Note: you would have to take care that none of the images becomes to small to activate with your conv layers, otherwise it will break apart. Also the input images would have to have the same number of channels, but it’s usually not a problem.


I was just wondering: Is it normal that I have Memory: 4243 / 2048 MB even before I got to the Training Model part?

@aakashns Hello, I’m follwoing the course, i’m from Venezuela. I have a question. Could i write the blog post in spanish? I can write it in english but i think that will be more helpful for hispanic speakers people.


I dont speak for Aakash but helping your own people is a really good idea. :slight_smile:


Hello @aakashns, please fix the post as it links to Share Your Work Here - Assignment 2.

The correction:
Share Your Work Here - Assignment 3.


i was working on my assignment 3, and when i was running the fit function, with 100 epochs, its way too slow, and this is the draft session,
and the CPU is total red and only 2% GPU is being used. i followed the lecture thoroughly, what is wrong with it… please tell me it would be much appreciated!!

Thank you!!


thank you! ill try it the next time!!

1 Like

Well, there is a really easy way to do it. You can open the Settings tab from the right side in the notebook and check GPU as the accelerator.
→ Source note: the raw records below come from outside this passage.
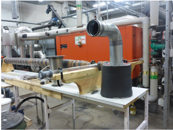
Cyclone dryer For wet and sticky materials
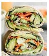
Hummus & salad wrap
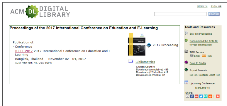
Gambar 5 Proceeding ICEEL 2017
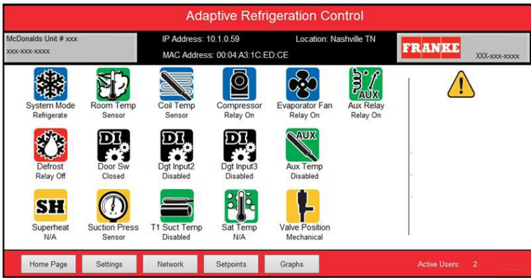
Sample screen of system performance accessed remotely.
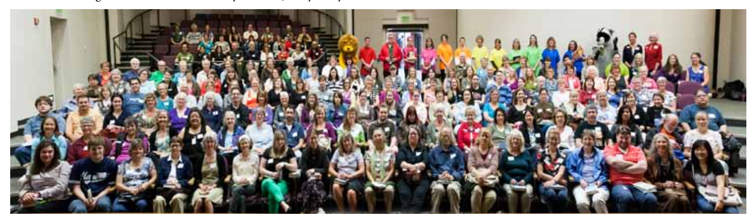
Staff day participants

Lessons learned? Our patrons often don't know, or don't understand, that we are two different library systems because workflow between us is fairly seamless: we are the ones who want to understand our differences and our similarities. How do we each process requests? How do we each develop our collections? Who does what at each library? What are the library and technology trends influencing how we will work together in the future? Having a chance to share experiences brings us closer together as colleagues and as people who truly care about our users. We strive to build community and foster learning by starting at our own door, building our own library community, workshop by workshop, discussion by discussion. And our libraries truly are better together.
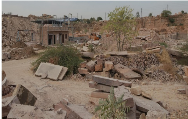
Fig. 5: The environment is affected by the mine dumps and tailings

mineral wealth while also protecting the ecosystem. One of the major sources of pollution during quarrying and transporting stone is the waste stone dust. It directly jeopardizes the health of the mining employees, because stone dust is the cause of life threatening breathing problems among the mine workers like silicosis, tuberculosis, and chest pains [34, 52- 54]. Due to wind and surface runoff, the stone dust is being deposited on the soil and crop lands. As a result, the soil quality and crop production are decreasing [49, 55].
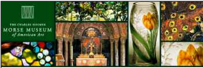
The Morse Museum in Winter Park, FL, contains exceptional examples of the work of Louis Comfort Tiffany.

ceptional and priceless. If you get a chance to be in this area make this a must see place to visit.
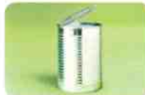
Steel food and beverage containers
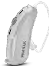
Silver Gray (P6)
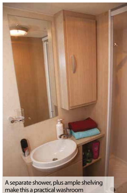
A separate shower, plus ample shelving make this a practical washroom
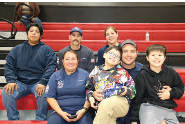
3RD PLACE TEAM ASH KICKERS-ACFD
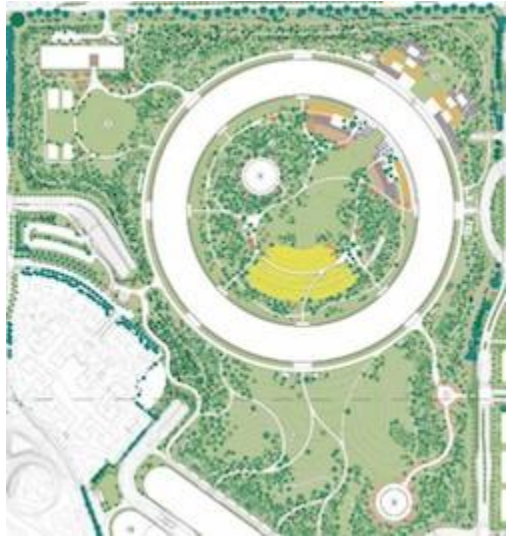
Apple's Cupertino headquarters layout (click here to enlarge)
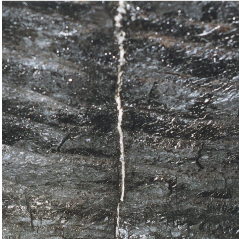
Photo 1 A hydraulic fracture propped with white sand in the roof coal at Dartbrook Coal Mine, NSW.

By placing sufficient proppant in a hydraulic fracture that extends a sufficient distance, a conductive channel is formed in the coal seam that acts as a conduit for the water and gas to travel along. The fracture faces expose a large area of the seam to the lower producing pressure, allowing the water and gas to drain directly into the propped fracture at an accelerated rate. Hydraulic fracture treatments are designed to place a propped conductive fracture in the coal seam that will efficiently stimulate production from the seam. The stimulation effect achieved depends both on the conductivity and size in length and height of the fracture and on the permeability and thickness of the coal seam. Effective stimulation of a low-permeability seam requires longer moderate conductivity hydraulic fractures, while stimulation of a high-permeability seam requires shorter high-conductivity fractures.
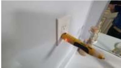
Pic. 25: GFCI outlet has no ground and needs to be corrected
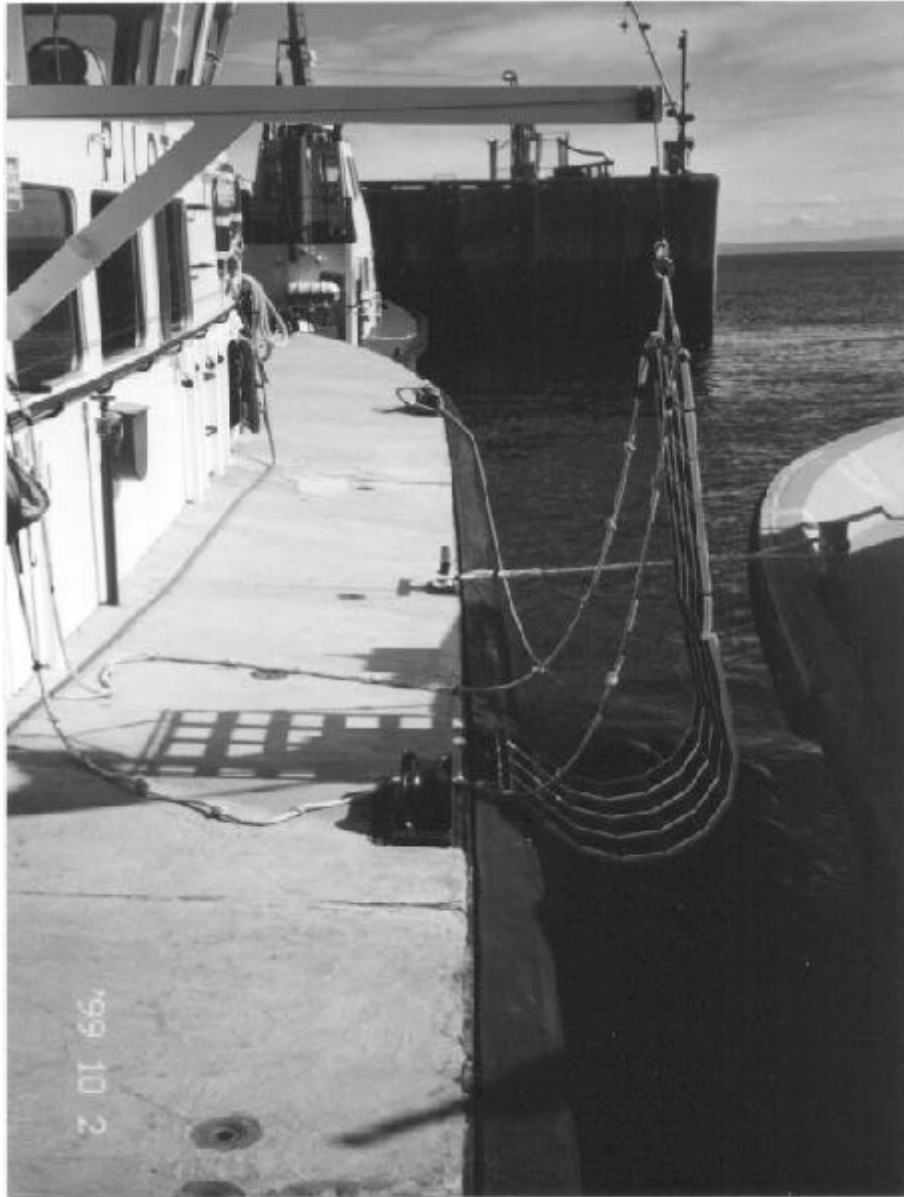
Photograph 2. Jason's cradle temporarily rigged on the "CHARLEVOIX".
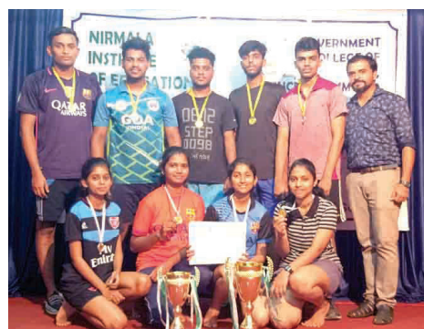
The Invitational Inter-Collegiate Table Tennis Tournament organized by Department of Physical Education, Nirmala Institute of Education and Govt. College, Sanquelim. College Boys Team Emerge as the winners in Mens category and College Women's Team Emerged first runners up in the Women's category.
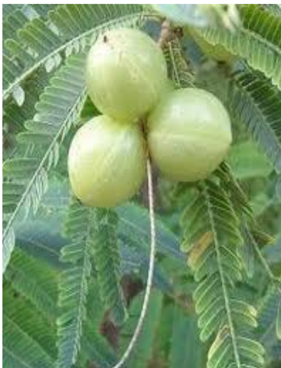
Fig 1: Amalaki fruit and leaves

Amalaki seed contains fixed oil, phosphatides and a small
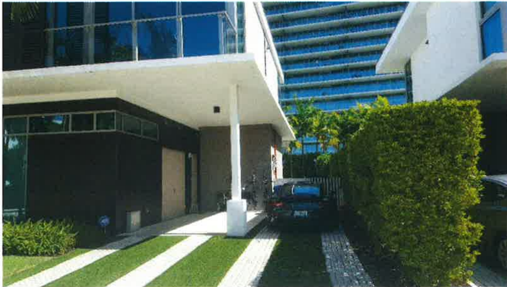
VILLA 2 – SOUTH SIDE LOOKING EAST 2-20-2109

If using the Elevation Certificate to obtain NFIP flood insurance, affix at least 2 building photographs below according to the instructions for Item A6. Identify all photographs with date taken; "Front View" and "Rear View"; and, if required, "Right Side View" and "Left Side View." When applicable, photographs must show the foundation with representative examples of the flood openings or vents, as indicated in Section A8. If submitting more photographs than will fit on this page, use the Continuation Page.
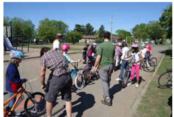
Bike safety training on the school grounds
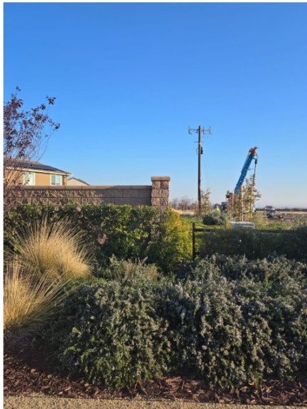
Figure 5. Crews installing pole, very close to homes
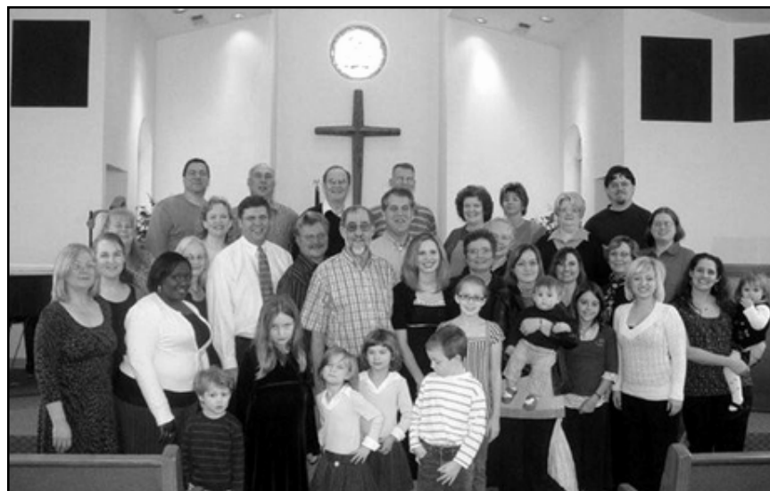
Participants at the 2008 Retreat

Join us for the 3rd annual denomination-wide choral retreat! Spend the weekend rehearsing new liturgical music while sharing your talents with other members of the denomination and followers of Christ. Workshops, rehearsal times, fellowship time, and a concert will be the highlights of the weekend. Registration forms are available at your church office, or you can
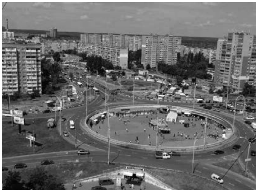
Figure 9.4 Traffic circle and Metro terminus at Heroiv Dnipra, north of the city center

sprawling high-rise residential complex on the Left Bank named Troyeshchyna. The high-rises of the Right Bank are seen in the far background across the Dnipro (also visible, but faintly). The large middle ground is what is left of the green village of Troyeshchyna that predates the high-rise landscape. There are fields, small farm houses, smaller outbuildings, and tall trees, as well some larger structures that have intruded more recently amid them as comfortable homes in the "suburbs." The new houses that are clustered in the center of the photograph on the far side of the high wall are oversized "suburban" homes on undersized plots that had once been part of village Troyeshchyna. Some or all of them were probably erected by a developer on speculation, while others are homes that people put up for themselves on land they had bought from a speculator. The structures that are arranged in the horizontal pattern in the foreground are parking garages for private automobiles. They are rented spaces, but some could also be owned, and some could be used to store belongings other than an automobile. There are hundreds of spots in this garage complex. It provides secure, gated, and guarded parking for owners of cars who live in the high-rise buildings such as the one from which I took the photograph. While some people might use
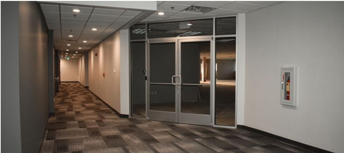
Entrance to suite 202
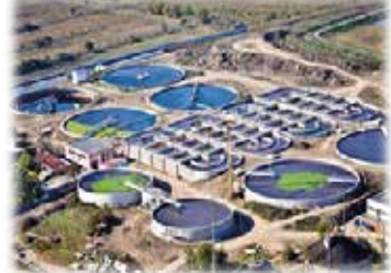
Halac Water Purification Plant | Turkmenistan 2 x 1125 kVA
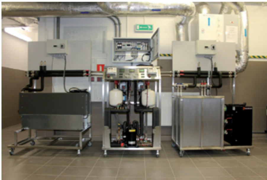
Fig. 3. Didactic air-water type heat pump. Energy source, heat pump and heating system modules
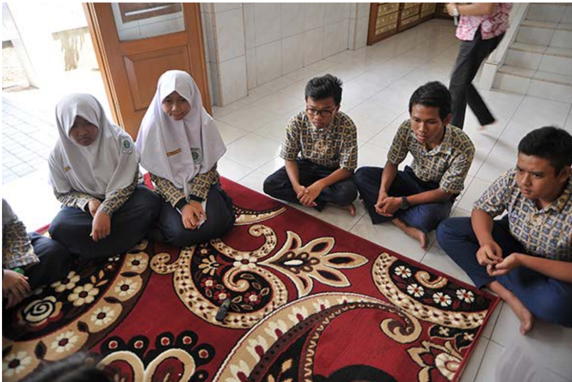
“Our boarding school implement[ed] positive discipline. We are asked to [be] responsible for our acts.” A student in Central Java.

Students at Al Islam Middle School (11-19-15 FGD) described the following changes in their school over the past three years: new facilities, more empathetic teachers that encourage a more positive learning environment, teachers for specific subjects, a new curriculum that emphasized leadership and organization, more learning supplies (e.g., computers), and more extracurricular activities. Students noted that teachers have also begun opting for less physical punishments. Instead of, say, asking children to run around the school, they will be instead be asked to memorize a verse from the Koran. In a demonstration of the growing warmth between teachers and students, one child noted that “[T]he teacher in school is like the substitute of parents at home, and they also pay attention to us, not only teaching us” (11-19-15 FGD). There are also fun activities in school, such as scouts and outdoor activities.
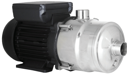
RHMS | PUMP ONLY
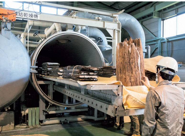
保存修復科学研究室：大型木製品の真空凍結乾燥処理 Conservation Science Section: Vacuum freeze-drying processing for large-scale wooden implements
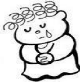
THOSE WHO MOURN
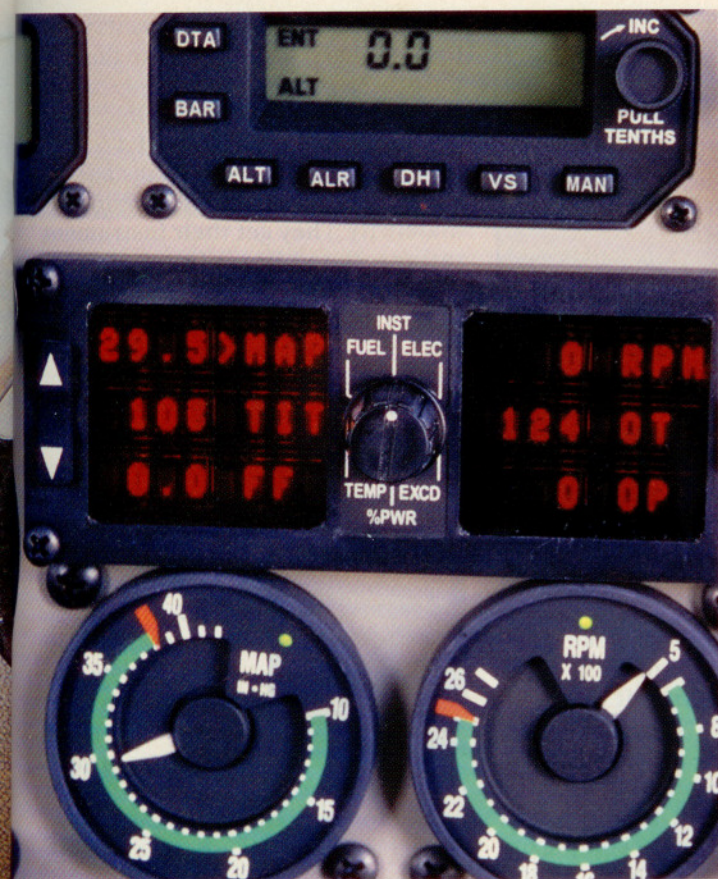
Vertically-stacked engine gauges and the digital display monitoring panel (DDMP) (left) give the airplane additional "big-iron" ambiance.
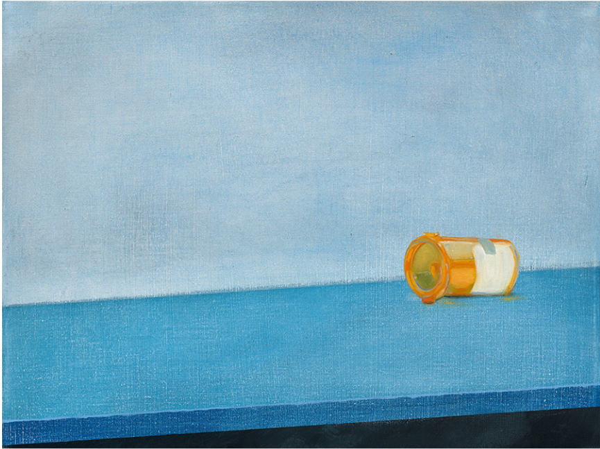
Untitled (Bottle) , 2019, oil on linen, 12 x 16 in.
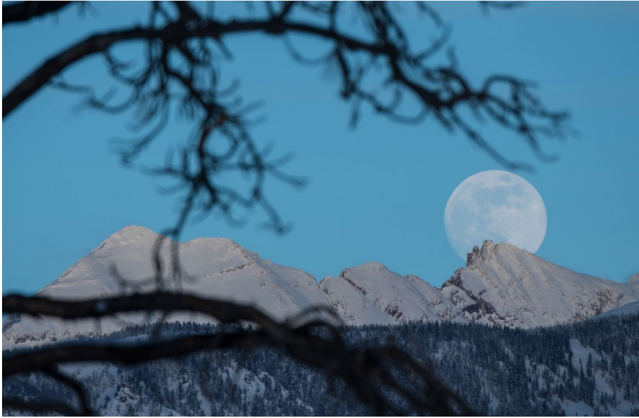
▲ "Moon Rising Over the La Plata Mountains" by Braden Gunem.
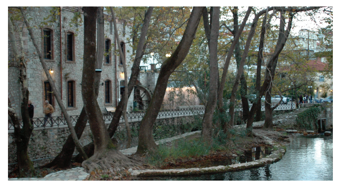
Figure 5: Livadeia, 'Krya' district, 2005. A successful environmental intervention, which aimed to protect the physical environment, to upgrade traditional buildings and monuments as well as to smoothly integrate new facilities for visitors.

In a few cases these natural elements happened to be at the center of integrated urban interventions, thereby reinforcing the 'natural' face of the respective cities (e.g. the restoration and environmental upgrading of Ag. Nikolaos Park at Naousa, the restoration of the surrounding landscape of Chrysopigi Monastery in Chania, the environmental intervention at Krya – Livadeia) [4] (Fig. 5). All the abovementioned actions are examples of the efforts toward alignment of Greek spatial policies with the European directives, which unfortunately are still limited resulting in the considerable lag in this direction [32].
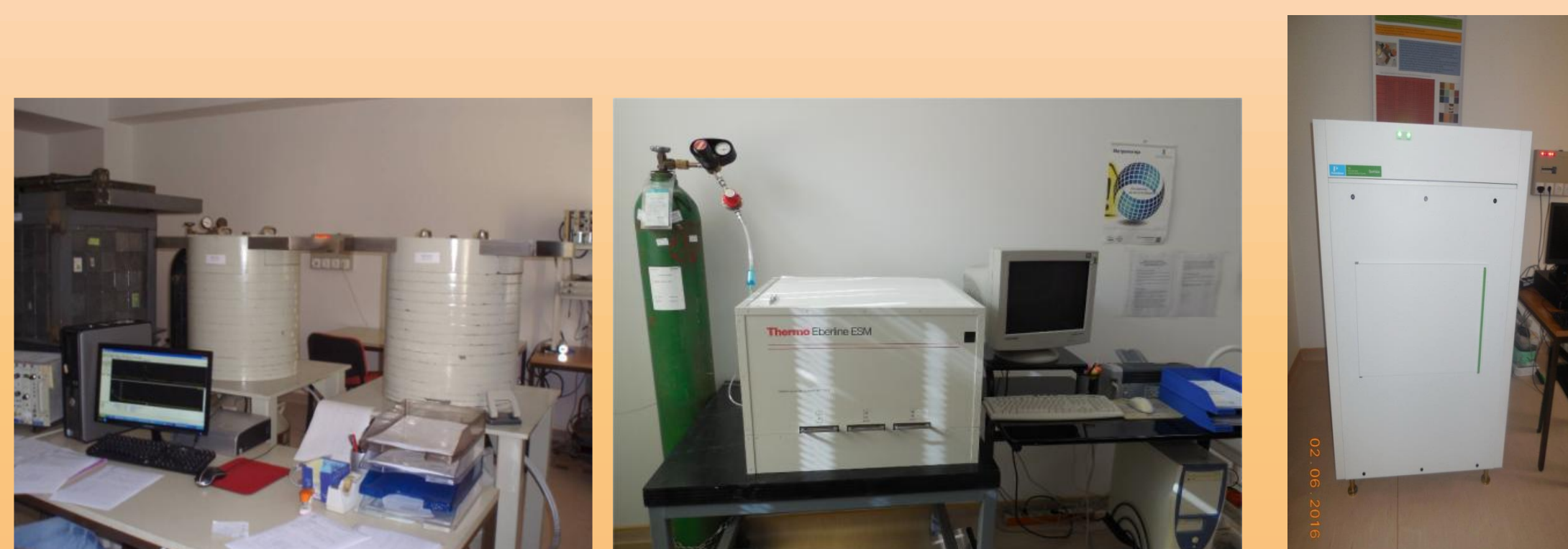
Figure 2. Measuring instrumentation: gamma spectrometer, proportional counter for 90 Sr and Quantulus.

Preparation of soil and sediment samples for gamma spectrometry analysis included drying at 105 \text{ }^\circ\text{C} , and sieving and for 90 Sr determination included mineralization at 500 \text{ }^\circ\text{C} . In all samples radioactive equilibrium was established. Analysis of water samples for gamma spectrometry analysis and determination of 90 Sr included evaporation of about 20 l until 200 ml. Determination of 3 H in water samples consist of distillation and electrolytic enrichment.
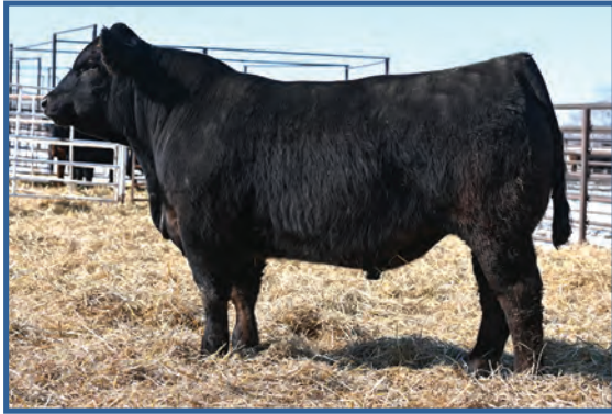
Wulfs Jim Beam 8067M • Sells as Lot 128
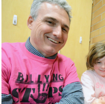
Pinkies painted pink
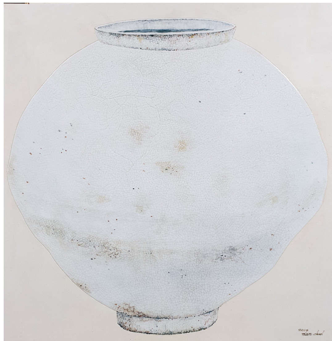
Rumination-Moon Jar, 57x57cm White Porcelain Plate, Lin Blend 1330 C, 2019
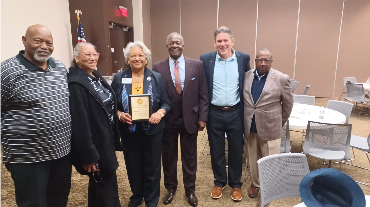
Posted by Darlene Daly April 2, 2025
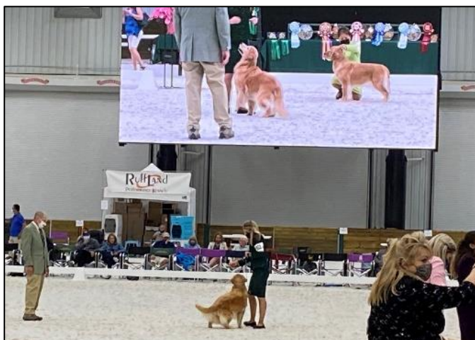
Spectators could watch conformation judging on big screens
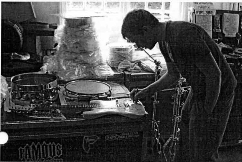
Mark Hoppus, of blink 182 , autographing the guitar that he generously donated to this year's auction.
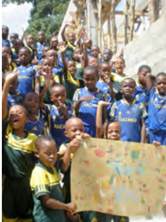
Primary School children say "Thanks"

THE PRIMARY School building programme is still a work in progress. However the framework is now in place – dining hall, kitchen, staff toilets, 6 upper classrooms and offices including the roof.
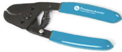
FLT-093 Tubing Cutter for Speed Tubing (Water Injector Spider & Stealth Watering Systems)
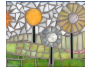
GLASS ON GLASS MOSAICS W/STEVIE STEVENS SAT, SEPTEMBER 28 @ 12PM
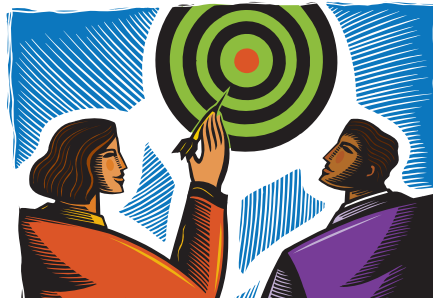
Working with a Financial Advisor, p. 16

I’ll delete the previous post now.

1 Like

Hey everyone,

I’m facing the same issue like @TumAro

The code correctly detected cuda, and the Accelerator is already set to GPU. Any idea what’s wrong here?



as @aadhav-n2 said to do to me, I followed step by step still no luck for me…

@aniketj97 @TumAro I also have the same problem. Tried accelerating GPUs, but my GPU usage capped at ~10%. However, it was better than 2% usage. I trained for 50 epochs and got results in ~3m.

CPU usage still remains above ~150%. Nevermind, I’ll try to look further but anyways it shouldn’t be a problem for you guys. 3-5 mins for 50-70 epochs is acceptable.

50 epochs, LR 0.001
CPU time: 7:25 min
GPU time: 3:16 min

Hello Everyone!

I tried different learning rates and epochs but the highest accuracy I get is 45% only. I use 100 epochs and 0.001 learning rate. How can I improve mine? Did you get higher accuracy rate? How?

@tanmher09 Try 0.01 or 0.1 as learning rate for 20-25 epochs, otherwise, it might never converge to the local minimum. I hope you would get 50% accuracy depending on your architecture.

This is not the best combination. You can try out different learning rates.

@TumAro @jhonathanortiz @tanmher09 @tanmher09 anyone who is facing an issue on kaggle kernel(related to GPU/CPU) can also try on Google Colab.

Hello TumAro,
By default the calculations are done on the CPU.
GPU acceleration is probably disabled on the environment you are using.
If you are using Kaggle environment to execute your python notebook, select “GPU” in the “accelerator tabs” at the right of the page.
Good work :slight_smile:

1 Like

Hello guys, the downloading of CIFAR dataset in kaggle fails and gives an error, and in collab It says it can’t detect jupyter notebook or python and I can’t commit so I had to manually download the notebook and upload it.

Anybody else having these problems and maybe some fixes for future reference?